Monday, November 28, 2005

Tropical storm Delta expected in Morocco late Monday

The US National Hurricane Center (NHC) in Miami said Delta is expected to reach the Moroccan coast and the Spanish-controlled Canary Islands late Monday or early Tuesday.

Delta is the 25th named storm of the record-breaking six-month Atlantic hurricane season, which started on June 1 and officially ends on Wednesday. But forecasters warn that tropical storms and hurricanes can still develop in December.

The storm strengthened in the Atlantic Ocean on Sunday and threatened to strike the Canary Islands as it raced toward the Moroccan coastline.

“Gale-force winds are possible in the Canary and Madeira Islands today and could reach the coast of Morocco by late tonight or early Tuesday,'' the NHC said.

At 03:00 a.m GMT, the storm was centred about 1,280 km west of La Palma in the Canary Islands and was speeding northeast at 43 kph, reported Reuters news agency.

Forecasters at the hurricane centre said it is expected to move over or just north of the Canary Islands on Monday, sending gale-force winds across the archipelago, and then will dissipate over the southern Moroccan coasts in late Monday or early Tuesday.

Delta is a strong tropical storm with sustained winds just below hurricane level.
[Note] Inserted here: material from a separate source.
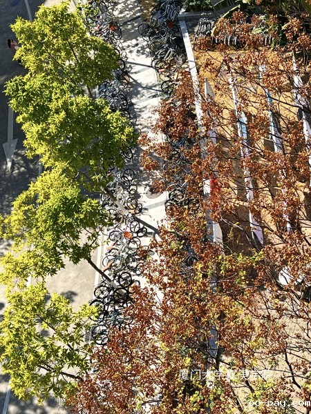 黄绿树枝间,单车整齐排列,是学子奋斗日常的温暖注脚。

For a storm to be named, it needs to have sustained winds reaching a minimum 62 kph, while a hurricane is a storm with a cyclonic wind circulation of at least 117 kph.

The current Atlantic hurricane season has broken some long-standing records, including the most tropical storms and hurricanes.

A total of 25 named storms have been registered between June and the end of November, breaking the old record of 21 during the 1993 season. Thirteen hurricanes have struck so far, shattering the 1969 record of 12.

The season has set another record of three category five hurricanes, Katrina, Rita, and Wilma, the highest number in one season. Wilma would become the strongest hurricane on record in the Atlantic Basin, with a pressure of 882 mb, breaking the 1988 Gilbert recod held with a 888-mb pressure.

The season has also registered records for the costliest ever US natural disaster, caused by Hurricane Katrina, which struck New Orleans and the Mississippi Gulf Coast in August.